Task goal.
Copy out exactly the lines spanning the line with "bcons is a php" to the line with "นายชัชวาล แพทยาไทย สส.ร้อยเอ็ด", inclusive, from the data underneath, with no pictures.

Data for the task.

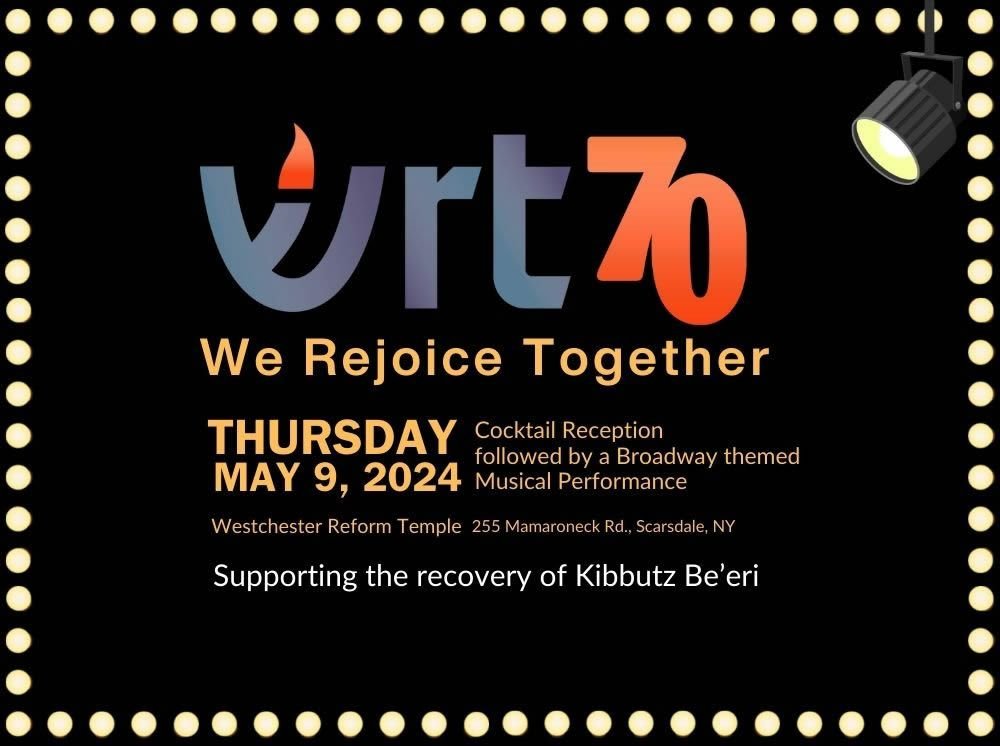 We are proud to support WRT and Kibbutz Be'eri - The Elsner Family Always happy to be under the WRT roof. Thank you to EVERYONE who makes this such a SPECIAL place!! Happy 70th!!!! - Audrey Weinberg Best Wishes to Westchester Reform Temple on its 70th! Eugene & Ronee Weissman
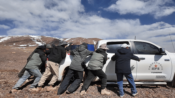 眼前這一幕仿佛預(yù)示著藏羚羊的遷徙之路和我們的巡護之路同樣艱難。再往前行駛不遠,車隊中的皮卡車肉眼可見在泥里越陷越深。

---

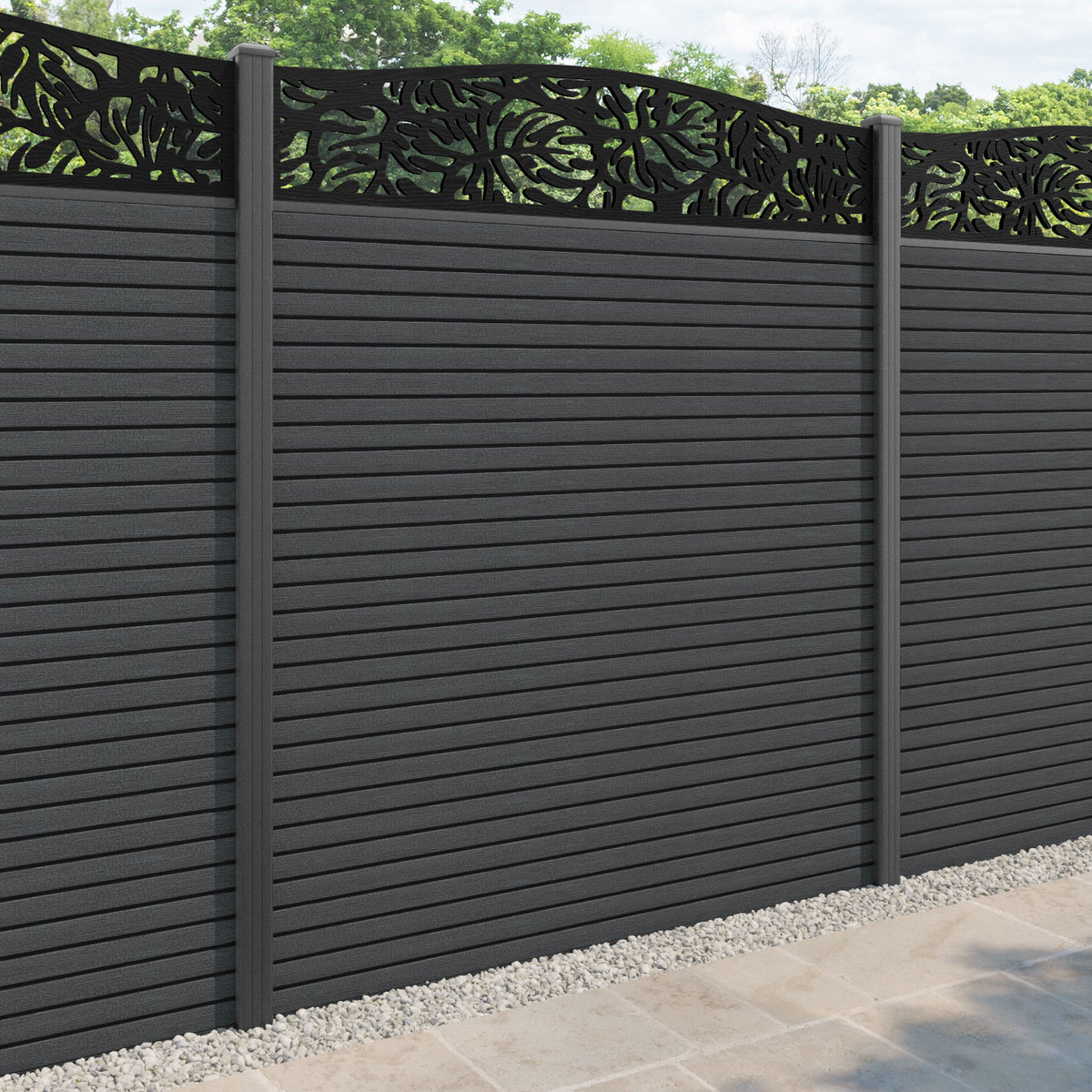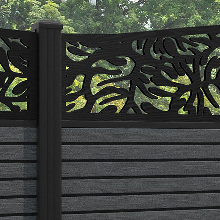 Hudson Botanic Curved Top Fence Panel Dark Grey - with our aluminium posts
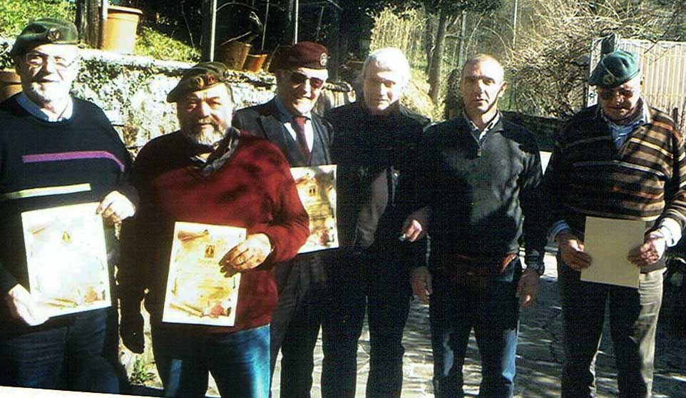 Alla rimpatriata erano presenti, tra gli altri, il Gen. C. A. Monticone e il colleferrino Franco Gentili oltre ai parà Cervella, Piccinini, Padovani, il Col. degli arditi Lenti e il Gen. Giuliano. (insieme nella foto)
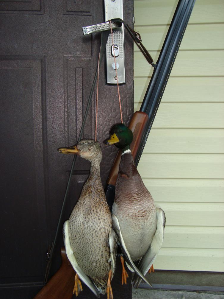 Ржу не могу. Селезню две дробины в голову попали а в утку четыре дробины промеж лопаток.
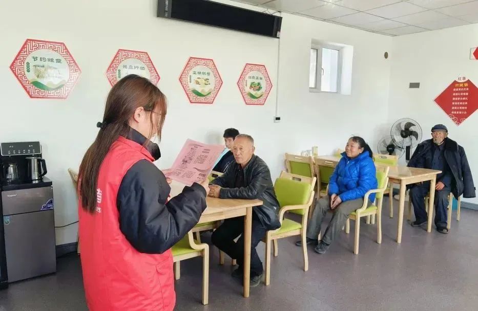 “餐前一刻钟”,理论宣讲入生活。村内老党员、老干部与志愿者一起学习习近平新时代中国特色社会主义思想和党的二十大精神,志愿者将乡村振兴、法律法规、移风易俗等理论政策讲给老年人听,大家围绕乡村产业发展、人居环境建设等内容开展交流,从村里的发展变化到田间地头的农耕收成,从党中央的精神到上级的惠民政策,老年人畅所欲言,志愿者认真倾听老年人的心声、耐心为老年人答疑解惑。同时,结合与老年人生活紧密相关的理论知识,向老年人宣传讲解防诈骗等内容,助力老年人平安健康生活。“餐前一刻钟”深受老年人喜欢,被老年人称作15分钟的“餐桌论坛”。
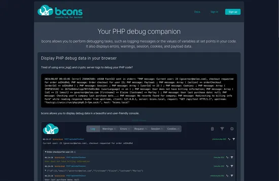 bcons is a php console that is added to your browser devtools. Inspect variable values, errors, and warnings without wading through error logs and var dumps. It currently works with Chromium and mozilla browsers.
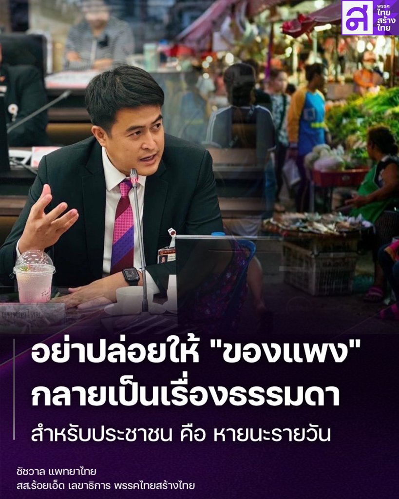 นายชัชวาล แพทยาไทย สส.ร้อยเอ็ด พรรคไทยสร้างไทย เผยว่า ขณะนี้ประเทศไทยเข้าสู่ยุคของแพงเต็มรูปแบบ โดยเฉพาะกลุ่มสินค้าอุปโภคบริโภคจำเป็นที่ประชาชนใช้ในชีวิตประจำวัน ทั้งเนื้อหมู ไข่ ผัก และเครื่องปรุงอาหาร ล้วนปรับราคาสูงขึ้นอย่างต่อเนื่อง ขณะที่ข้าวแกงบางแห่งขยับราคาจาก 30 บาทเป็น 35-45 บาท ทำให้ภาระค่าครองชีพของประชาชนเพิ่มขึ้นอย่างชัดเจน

Solution.
 bcons is a php console that is added to your browser devtools. Inspect variable values, errors, and warnings without wading through error logs and var dumps. It currently works with Chromium and mozilla browsers.
 นายชัชวาล แพทยาไทย สส.ร้อยเอ็ด พรรคไทยสร้างไทย เผยว่า ขณะนี้ประเทศไทยเข้าสู่ยุคของแพงเต็มรูปแบบ โดยเฉพาะกลุ่มสินค้าอุปโภคบริโภคจำเป็นที่ประชาชนใช้ในชีวิตประจำวัน ทั้งเนื้อหมู ไข่ ผัก และเครื่องปรุงอาหาร ล้วนปรับราคาสูงขึ้นอย่างต่อเนื่อง ขณะที่ข้าวแกงบางแห่งขยับราคาจาก 30 บาทเป็น 35-45 บาท ทำให้ภาระค่าครองชีพของประชาชนเพิ่มขึ้นอย่างชัดเจน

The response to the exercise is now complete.